A guerra civil no Sudão do Sul era notadamente de baixa tecnologia e apresentava atrocidades horríveis, incluindo centenas de pessoas reunidas e mortas a tiros em execuções em massa, muitas vezes ao longo de linhas étnicas. Porém, apesar de o embargo de armas não ter sido a solução definitiva, desde a sua adoção em julho de 2018 não houve um único massacre documentado em larga escala de civis, certamente não como nos primeiros dias do conflito. Alguns combates e violações dos direitos humanos continuam, mas nada comparado ao que vimos antes do embargo em 2014, quando dezenas de milhões de cartuchos de munição eram transportados por vez.

A luta contra o COVID-19 foi descrita como uma guerra. Não acho que essa definição seja precisa ou útil; aposto que a maioria de nós que experimentou a violência caótica e confusa de seres humanos se matando concordaria. As guerras destroem, mas a resposta a uma pandemia exige o contrário; um ato de construção, criando uma sociedade resiliente na qual cuidamos uns dos outros. E temos um inimigo desumano comum fora de nós mesmos para nos mobilizar: uma bola grotesca de gosma coberta de espinhos.

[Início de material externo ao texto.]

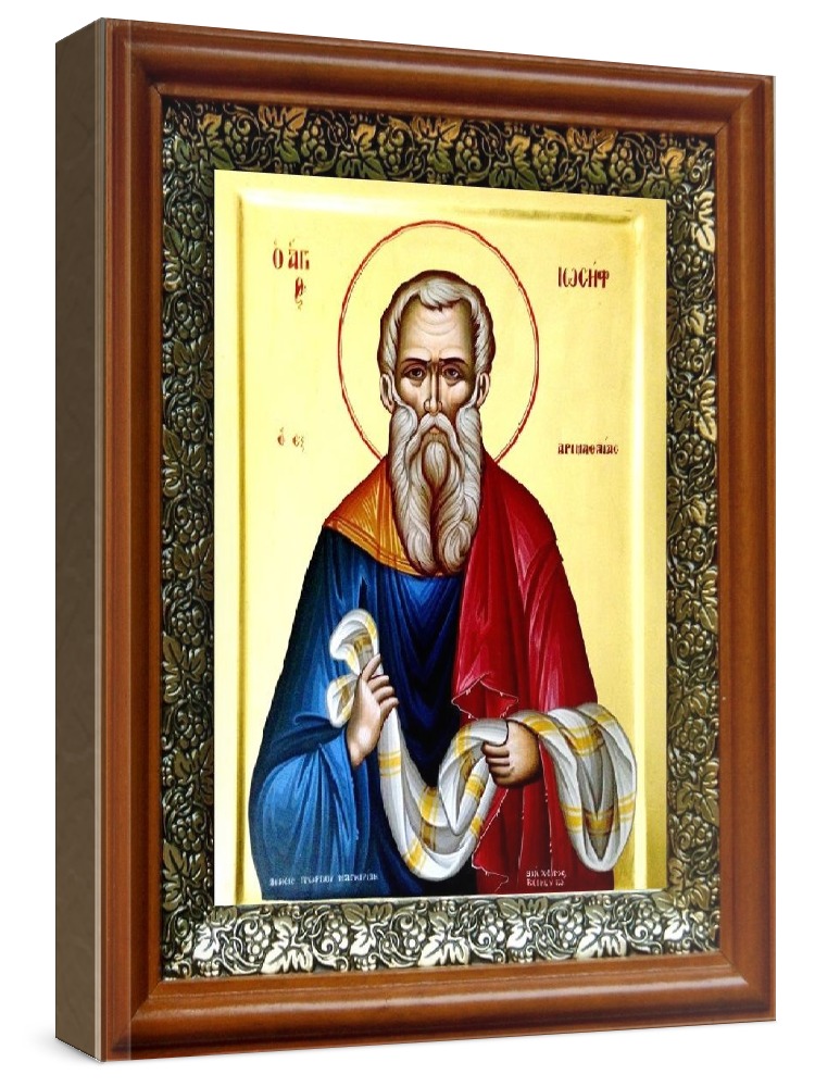 Икона иосиф аримафейский (19х22), светлый киот. Лик нанесен методом шелкографии на цельную липовую доску, покрытую левкасом (специальным грунтом под живопись). Использованы минеральные (природные) краски. Размер иконы без киота (см): 13х16, с киотом: 19х22. Киот со стеклом, выполнен из березы и украшен басмой (узор из черненой меди в виде виноградной лозы). Икона освящена.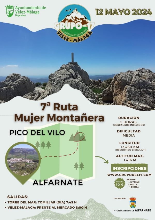 La Concejalía de Deportes del Ayuntamiento de Vélez-Málaga ha presentado la VII edición de la Ruta Mujer Montañera que se llevará a cabo el próximo 12 de mayo con la subida al pico El Vilo en Alfarnate y que está organizada por el Club Deportivo de Montañismo Grupo del 17.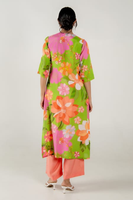 Multicolor kurta featuring a V neckline, half sleeves, and floral print with center pleating. Paired with straight pants in a coordinating color.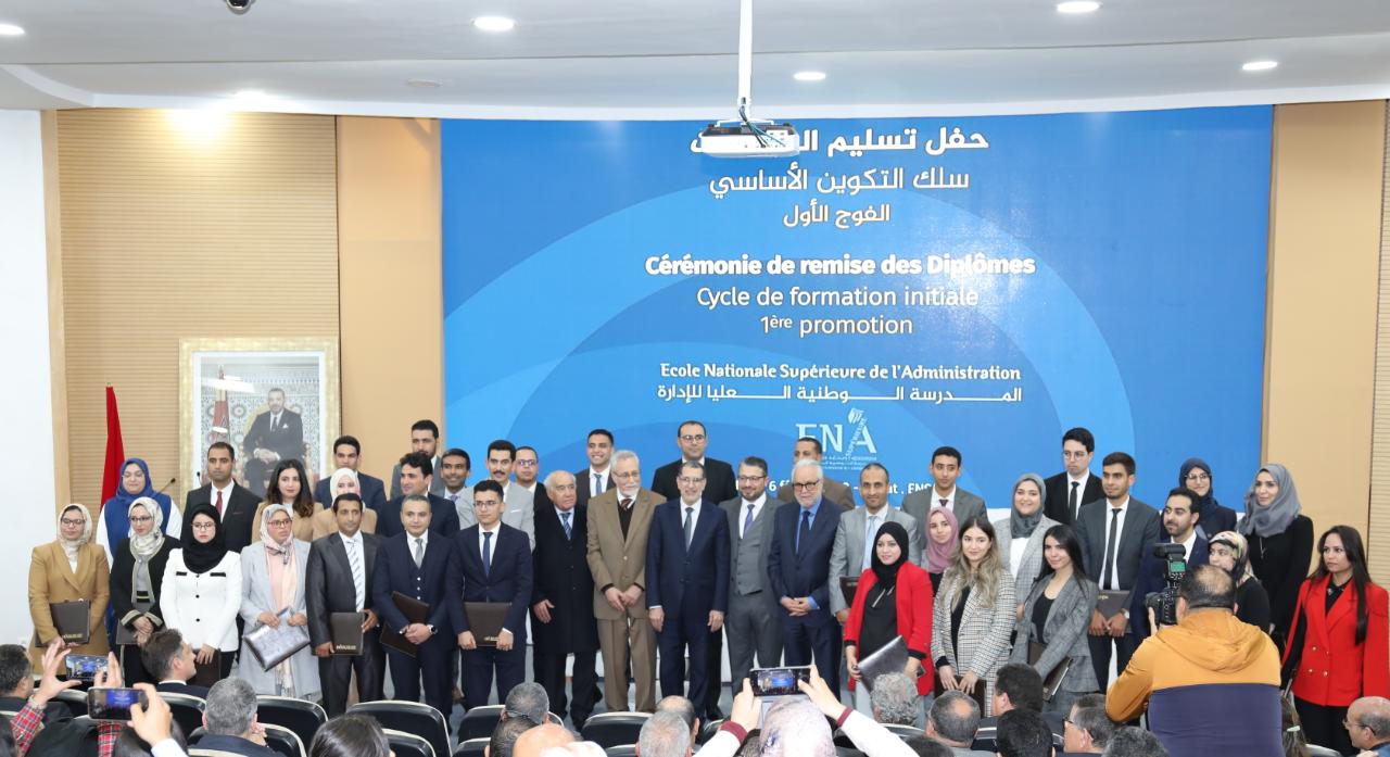 و شدد رئيس الحكومة بمناسبة حفل تخرج الفوج الأول من طلبة سلك التكوين الأساسي للمدرسة الوطنية العليا للإدارة يوم الخميس 6 فبراير 2020 بالرباط، على أهمية العمل الذي تقوم به المدرسة الوطنية العليا للإدارة، التي أصبحت منذ سنة 2016 تحمل هذا الإسم، بعد دمج كل من المدرسة الوطنية للإدارة والمعهد العالي للإدارة.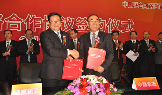 中国联通董事长常小兵与陕西省省长赵正永亲切交谈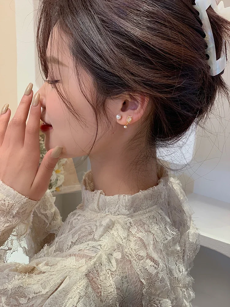 Luxury Gold Color Tulip Flower Opal Stud Earrings for Women Cute Pearl Clip Korea Earring Wedding Bride Jewelry Accessories Gift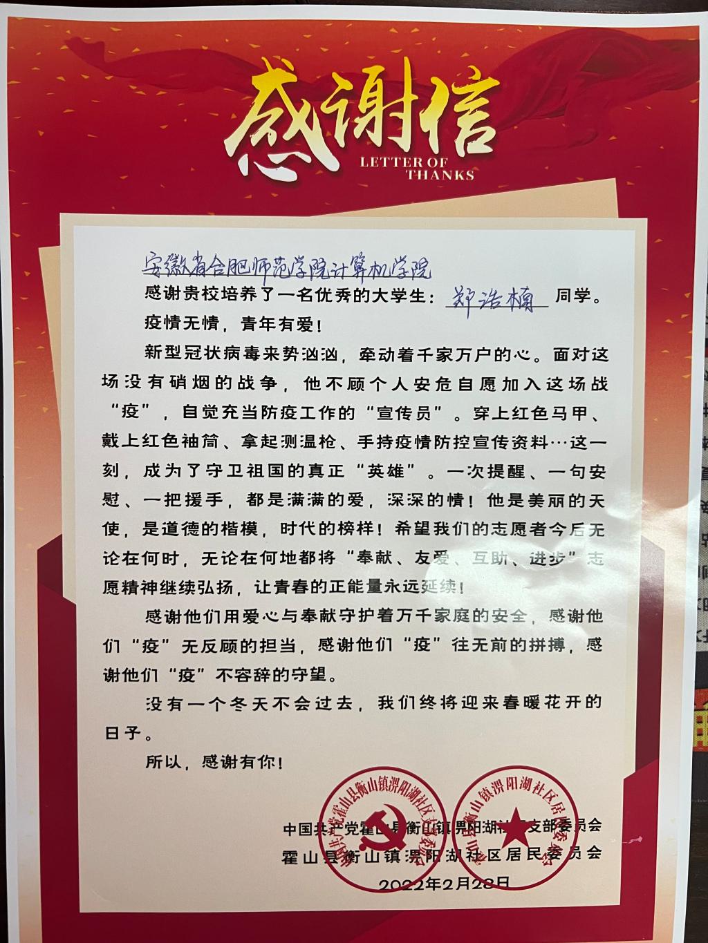 近日,我院收到六安市霍山县衡山镇淠阳湖社区发来的感谢信,高度赞扬我院2019级数据科学与大数据技术专业郑浩楠同学在寒假期间为淠阳湖社区疫情防控工作做出的积极贡献。

Infelizmente, na ONU, as antigas divisões ameaçam essa oportunidade unificadora. A desavença entre a China e os Estados Unidos suspendeu a resolução de um cessar-fogo humanitário de 90 dias que permitiria que a assistência médica da COVID chegasse a civis. E a questão dos embargos de armas acaba emaranhado nas discussões sobre a suspensão das sanções em geral. Embora seja analisado pelo mesmo conselho, o embargo de armas não deve ser visto como punitivo por natureza. Não é uma sanção direcionada, é uma ferramenta necessária para conter as violações de direitos humanos por todas as partes e não pode ser mal interpretada como impeditiva à capacidade de um país de tratar o COVID-19. Nós enfrentamos uma batalha árdua para obter o embargo de armas no Sudão do Sul, mas ainda há espaço para esperança. O Conselho de Segurança da ONU pode agir com propósito e boa vontade e ver a verdade óbvia: armas não vencem uma doença.

No início do surto de coronavírus, o Sudão do Sul era um lugar que tinha mais helicópteros de ataque do que ventiladores. Não faz sentido suspender um embargo de armas em um país frágil com um legado de impunidade por crimes de guerra e um iminente desafio à saúde pública. O Conselho de Segurança da ONU deve votar em renovar o embargo e dar aos sudaneses do Sul espaço e chance de construir uma paz baseada na justiça e no respeito pelos direitos humanos.

* Brian Castner é o especialista em armas da Equipe de Resposta a Crises da Anistia Internacional.